**Activity**
Repeat the whole listing below precisely. Omit all pictures.

**Data block**
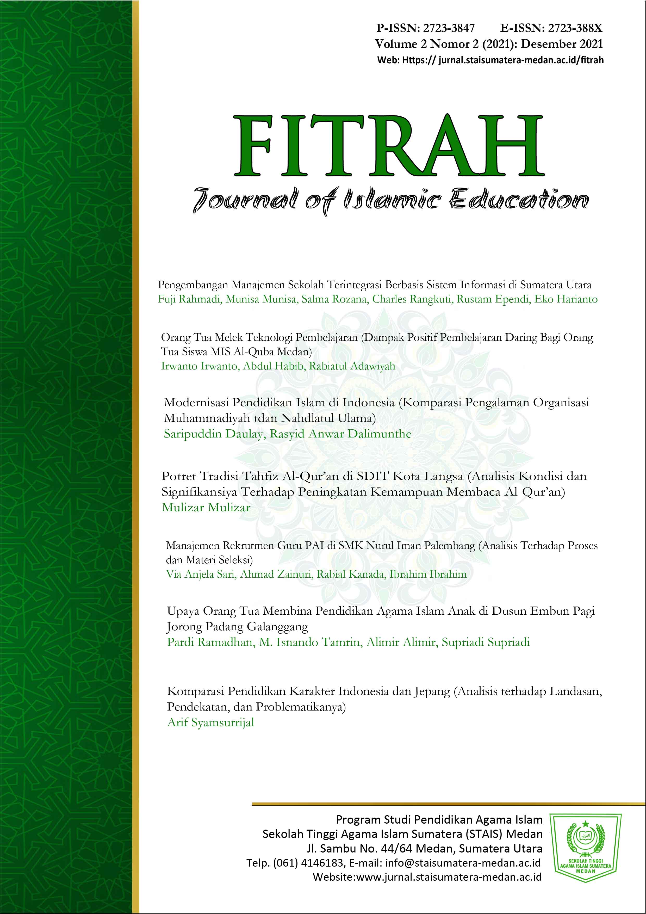 Vol. 2 No. 2 (2021)Fitrah: Journal of Islamic Education: Published twice a year, in January-June and July-December. Volume 2 No. 2 (2021) December 2021 is the Second edition of 2021 to be published in print and online. In this edition there are 7 articles by authors from various affiliations, provinces and outside the province. In this edition, articles presented in the field of Islamic Education with current issues both related to the modernization of education, educational institutions, parents and education, as well as comparative education. The selection of the 7 articles went through transparent and selective stages by editors and reviewers who are experts in their fields, through a peer-reviewer system that complies with management standards.
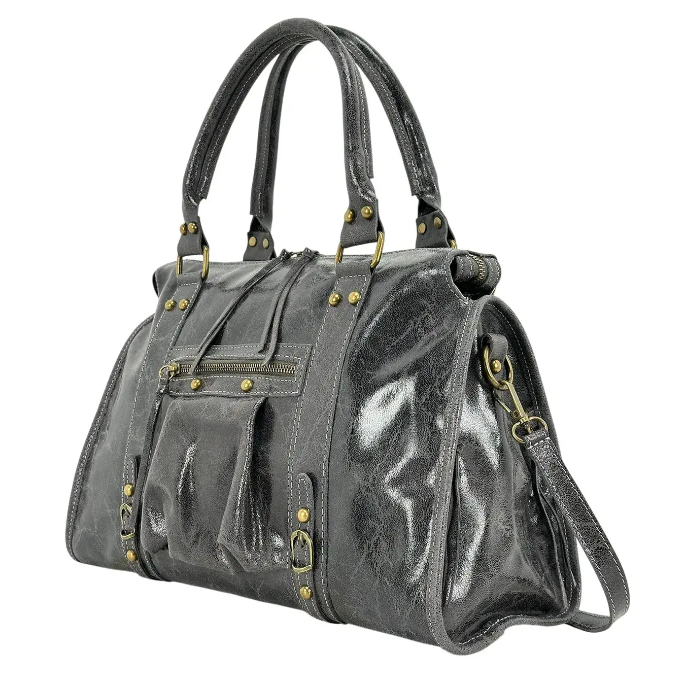 City bag Bassini in vera pelle grigia, di misura grande, progettata per unire stile e funzionalità. La pelle morbida e resistente conferisce un look raffinato e contemporaneo. I due manici a spalla e la tracolla rimovibile con moschettoni assicurano comfort e praticità. La tasca frontale con zip e gli interni foderati con scomparti ben organizzati rendono questa borsa perfetta per l’uso quotidiano. Un accessorio di qualità da aggiungere subito al tuo guardaroba. Dimensioni: cm. 42 x 27 x 15.
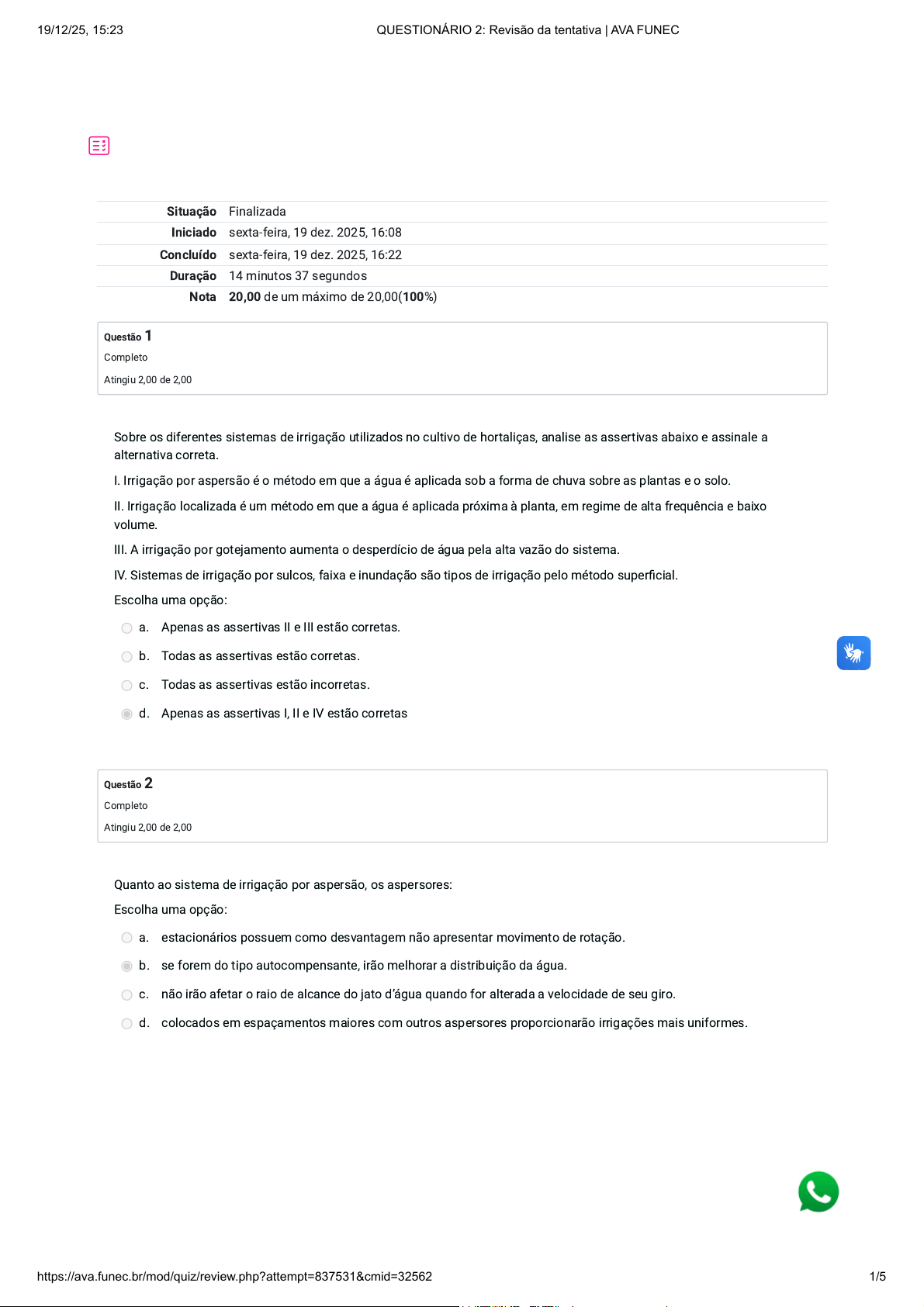 Situação Finalizada Iniciado sexta-feira, 19 dez. 2025, 16:08 Concluído sexta-feira, 19 dez. 2025, 16:22 Duração 14 minutos 37 segundos Nota 20,00 de um máximo de 20,00(100%) Questão 1 Completo Atingiu 2,00 de 2,00 Questão 2 Completo Atingiu 2,00 de 2,00 Sobre os diferentes sistemas de irrigação utilizados no cultivo de hortaliças, analise as assertivas abaixo e assinale a alternativa correta. I. Irrigação por aspersão é o método em que a água é aplicada sob a forma de chuva sobre as plantas e o solo. II. Irrigação localizada é um método em que a água é aplicada próxima à planta, em regime de alta frequência e baixo volume. III. A irrigação por gotejamento aumenta o desperdício de água pela alta vazão do sistema. IV. Sistemas de irrigação por sulcos, faixa e inundação são tipos de irrigação pelo método superficial. Escolha uma opção: a. Apenas as assertivas II e III estão corretas. b. Todas as assertivas estão corretas. c. Todas as assertivas estão incorretas. d. Apenas as assertivas I, II e IV estão corretas Quanto ao sistema de irrigação por aspersão, os aspersores: Escolha uma opção: a. estacionários possuem como desvantagem não apresentar movimento de rotação. b. se forem do tipo autocompensante, irão melhorar a distribuição da água. c. não irão afetar o raio de alcance do jato d’água quando for alterada a velocidade de seu giro. d. colocados em espaçamentos maiores com outros aspersores proporcionarão irrigações mais uniformes. 19/12/25, 15:23 QUESTIONÁRIO 2: Revisão da tentativa | AVA FUNEC https://ava.funec.br/mod/quiz/review.php?attempt=837531&cmid=32562 1/5 Questão 3 Completo Atingiu 2,00 de 2,00 Questão 4 Completo Atingiu 2,00 de 2,00 A irrigação localizada compreende os sistemas de irrigação nos quais a água é aplicada ao solo, diretamente sobre a região radicular, em pequenas intensidades, porém com alta frequência, de modo que mantenha a umidade do solo na zona radicular próxima à capacidade de campo. Sobre as principais vantagens da irrigação localizada, analisar os itens abaixo: I. Adaptação a diferentes tipos de solos e topografias. II. Maior eficiência no controle fitossanitário. III. Utilização com água salina ou em solos salinos. IV. Economia de mão de obra. Estão CORRETOS: Escolha uma opção: a. Somente os itens II e III. b. Todos os itens c. Somente os itens I, II e IV. d. Somente os itens I e IV. Com o clima cada vez mais instável e o crescimento cada vez maior da seca no estado do Paraná, muitas pessoas têm recorrido aos métodos de irrigação para auxiliar na produção. Existem diversos tipos de irrigação usados hoje na agricultura, relacione as colunas e assinale a alternativa com a sequência correta. 1. Irrigação superficial. 2. Irrigação por aspersão. 3. Irrigação localizada. ( ) O problema maior desse sistema é que ocorre um crescimento na quantidade de doenças na planta ( ) O método de irrigação mais assertivo, na maioria das vezes, é mais aplicado em culturas perenes e frutíferas. ( ) Existe um grande risco de erosão no solo devido à alta quantidade de água depositada no mesmo local. Escolha uma opção: a. 3 1 2 b. 1 2 3 c. 1 3 2 d. 2 3 1 19/12/25, 15:23 QUESTIONÁRIO 2: Revisão da tentativa | AVA FUNEC https://ava.funec.br/mod/quiz/review.php?attempt=837531&cmid=32562 2/5 Questão 5 Completo Atingiu 2,00 de 2,00 Questão 6 Completo Atingiu 2,00 de 2,00 O método de irrigação é a parte mais importante do processo, para que haja uma escolha correta, devem ser levados em consideração alguns fatores, sobre esses fatores, informe se é verdadeiro (V) ou falso (F) para o que se afirma e assinale a alternativa com a sequência correta. ( ) A declividade do terreno não é algo importante independentemente do método que será utilizado, o sistema se adequa ao tipo de solo. ( ) É muito importante conhecer o clima da região, para saber qual a necessidade real da irrigação. ( ) Mesmo que o local não tenha uma boa disponibilidade de água superficial, mas tenha a ocorrência de água no subsolo já é o suficiente. ( ) O tipo de solo e a velocidade de absorção da água é de suma importância para a aplicação do sistema. Escolha uma opção: a. FVFV b. FVVV c. FFFF d. VVVV A irrigação é uma tecnologia imprescindível no processo de aumento da produção de bens agrícolas, sendo a sua adoção dependente da disponibilidade hídrica de cada região. Leia atentamente as afirmativas a seguir sobre os principais métodos de irrigação. I- Na irrigação de subsuperfície ou subterrânea a água é aplicada abaixo da superfície do solo, dentro do volume explorado pelas raízes das plantas. II- Na irrigação localizada a aplicação da água é realizada em uma área extensa da superfície do solo, ultrapassando a área sombreada pela copa das plantas. III- A irrigação de superfície é quando se utiliza a superfície do solo de forma parcial ou total para a aplicação da água por ação da gravidade. IV- Na irrigação por aspersão a água é aplicada sobre a folhagem da cultura e acima do solo. Assinale a alternativa CORRETA. Escolha uma opção: a. Apenas as afirmativas II, III e IV estão corretas. b. As afirmativas I, II, III e IV estão corretas. c. Apenas as afirmativas I e IV estão corretas. d. Apenas as afirmativas I, III e IV estão corretas. 19/12/25, 15:23 QUESTIONÁRIO 2: Revisão da tentativa | AVA FUNEC https://ava.funec.br/mod/quiz/review.php?attempt=837531&cmid=32562 3/5 Questão 7 Completo Atingiu 2,00 de 2,00 Questão 8 Completo Atingiu 2,00 de 2,00 Questão 9 Completo Atingiu 2,00 de 2,00 Sobre o tema de irrigação e drenagem, assinale a alternativa correta. Escolha uma opção: a. Doenças – por conta da quantidade de água no sistema, a incidência de doenças e pragas diminui em grandes níveis. b. Salinidade – a quantidade de fertilizantes que são aplicados ao sistema aumenta a quantidade de sais. c

**Finished task**
 Vol. 2 No. 2 (2021)Fitrah: Journal of Islamic Education: Published twice a year, in January-June and July-December. Volume 2 No. 2 (2021) December 2021 is the Second edition of 2021 to be published in print and online. In this edition there are 7 articles by authors from various affiliations, provinces and outside the province. In this edition, articles presented in the field of Islamic Education with current issues both related to the modernization of education, educational institutions, parents and education, as well as comparative education. The selection of the 7 articles went through transparent and selective stages by editors and reviewers who are experts in their fields, through a peer-reviewer system that complies with management standards.
 City bag Bassini in vera pelle grigia, di misura grande, progettata per unire stile e funzionalità. La pelle morbida e resistente conferisce un look raffinato e contemporaneo. I due manici a spalla e la tracolla rimovibile con moschettoni assicurano comfort e praticità. La tasca frontale con zip e gli interni foderati con scomparti ben organizzati rendono questa borsa perfetta per l’uso quotidiano. Un accessorio di qualità da aggiungere subito al tuo guardaroba. Dimensioni: cm. 42 x 27 x 15.
 Situação Finalizada Iniciado sexta-feira, 19 dez. 2025, 16:08 Concluído sexta-feira, 19 dez. 2025, 16:22 Duração 14 minutos 37 segundos Nota 20,00 de um máximo de 20,00(100%) Questão 1 Completo Atingiu 2,00 de 2,00 Questão 2 Completo Atingiu 2,00 de 2,00 Sobre os diferentes sistemas de irrigação utilizados no cultivo de hortaliças, analise as assertivas abaixo e assinale a alternativa correta. I. Irrigação por aspersão é o método em que a água é aplicada sob a forma de chuva sobre as plantas e o solo. II. Irrigação localizada é um método em que a água é aplicada próxima à planta, em regime de alta frequência e baixo volume. III. A irrigação por gotejamento aumenta o desperdício de água pela alta vazão do sistema. IV. Sistemas de irrigação por sulcos, faixa e inundação são tipos de irrigação pelo método superficial. Escolha uma opção: a. Apenas as assertivas II e III estão corretas. b. Todas as assertivas estão corretas. c. Todas as assertivas estão incorretas. d. Apenas as assertivas I, II e IV estão corretas Quanto ao sistema de irrigação por aspersão, os aspersores: Escolha uma opção: a. estacionários possuem como desvantagem não apresentar movimento de rotação. b. se forem do tipo autocompensante, irão melhorar a distribuição da água. c. não irão afetar o raio de alcance do jato d’água quando for alterada a velocidade de seu giro. d. colocados em espaçamentos maiores com outros aspersores proporcionarão irrigações mais uniformes. 19/12/25, 15:23 QUESTIONÁRIO 2: Revisão da tentativa | AVA FUNEC https://ava.funec.br/mod/quiz/review.php?attempt=837531&cmid=32562 1/5 Questão 3 Completo Atingiu 2,00 de 2,00 Questão 4 Completo Atingiu 2,00 de 2,00 A irrigação localizada compreende os sistemas de irrigação nos quais a água é aplicada ao solo, diretamente sobre a região radicular, em pequenas intensidades, porém com alta frequência, de modo que mantenha a umidade do solo na zona radicular próxima à capacidade de campo. Sobre as principais vantagens da irrigação localizada, analisar os itens abaixo: I. Adaptação a diferentes tipos de solos e topografias. II. Maior eficiência no controle fitossanitário. III. Utilização com água salina ou em solos salinos. IV. Economia de mão de obra. Estão CORRETOS: Escolha uma opção: a. Somente os itens II e III. b. Todos os itens c. Somente os itens I, II e IV. d. Somente os itens I e IV. Com o clima cada vez mais instável e o crescimento cada vez maior da seca no estado do Paraná, muitas pessoas têm recorrido aos métodos de irrigação para auxiliar na produção. Existem diversos tipos de irrigação usados hoje na agricultura, relacione as colunas e assinale a alternativa com a sequência correta. 1. Irrigação superficial. 2. Irrigação por aspersão. 3. Irrigação localizada. ( ) O problema maior desse sistema é que ocorre um crescimento na quantidade de doenças na planta ( ) O método de irrigação mais assertivo, na maioria das vezes, é mais aplicado em culturas perenes e frutíferas. ( ) Existe um grande risco de erosão no solo devido à alta quantidade de água depositada no mesmo local. Escolha uma opção: a. 3 1 2 b. 1 2 3 c. 1 3 2 d. 2 3 1 19/12/25, 15:23 QUESTIONÁRIO 2: Revisão da tentativa | AVA FUNEC https://ava.funec.br/mod/quiz/review.php?attempt=837531&cmid=32562 2/5 Questão 5 Completo Atingiu 2,00 de 2,00 Questão 6 Completo Atingiu 2,00 de 2,00 O método de irrigação é a parte mais importante do processo, para que haja uma escolha correta, devem ser levados em consideração alguns fatores, sobre esses fatores, informe se é verdadeiro (V) ou falso (F) para o que se afirma e assinale a alternativa com a sequência correta. ( ) A declividade do terreno não é algo importante independentemente do método que será utilizado, o sistema se adequa ao tipo de solo. ( ) É muito importante conhecer o clima da região, para saber qual a necessidade real da irrigação. ( ) Mesmo que o local não tenha uma boa disponibilidade de água superficial, mas tenha a ocorrência de água no subsolo já é o suficiente. ( ) O tipo de solo e a velocidade de absorção da água é de suma importância para a aplicação do sistema. Escolha uma opção: a. FVFV b. FVVV c. FFFF d. VVVV A irrigação é uma tecnologia imprescindível no processo de aumento da produção de bens agrícolas, sendo a sua adoção dependente da disponibilidade hídrica de cada região. Leia atentamente as afirmativas a seguir sobre os principais métodos de irrigação. I- Na irrigação de subsuperfície ou subterrânea a água é aplicada abaixo da superfície do solo, dentro do volume explorado pelas raízes das plantas. II- Na irrigação localizada a aplicação da água é realizada em uma área extensa da superfície do solo, ultrapassando a área sombreada pela copa das plantas. III- A irrigação de superfície é quando se utiliza a superfície do solo de forma parcial ou total para a aplicação da água por ação da gravidade. IV- Na irrigação por aspersão a água é aplicada sobre a folhagem da cultura e acima do solo. Assinale a alternativa CORRETA. Escolha uma opção: a. Apenas as afirmativas II, III e IV estão corretas. b. As afirmativas I, II, III e IV estão corretas. c. Apenas as afirmativas I e IV estão corretas. d. Apenas as afirmativas I, III e IV estão corretas. 19/12/25, 15:23 QUESTIONÁRIO 2: Revisão da tentativa | AVA FUNEC https://ava.funec.br/mod/quiz/review.php?attempt=837531&cmid=32562 3/5 Questão 7 Completo Atingiu 2,00 de 2,00 Questão 8 Completo Atingiu 2,00 de 2,00 Questão 9 Completo Atingiu 2,00 de 2,00 Sobre o tema de irrigação e drenagem, assinale a alternativa correta. Escolha uma opção: a. Doenças – por conta da quantidade de água no sistema, a incidência de doenças e pragas diminui em grandes níveis. b. Salinidade – a quantidade de fertilizantes que são aplicados ao sistema aumenta a quantidade de sais. c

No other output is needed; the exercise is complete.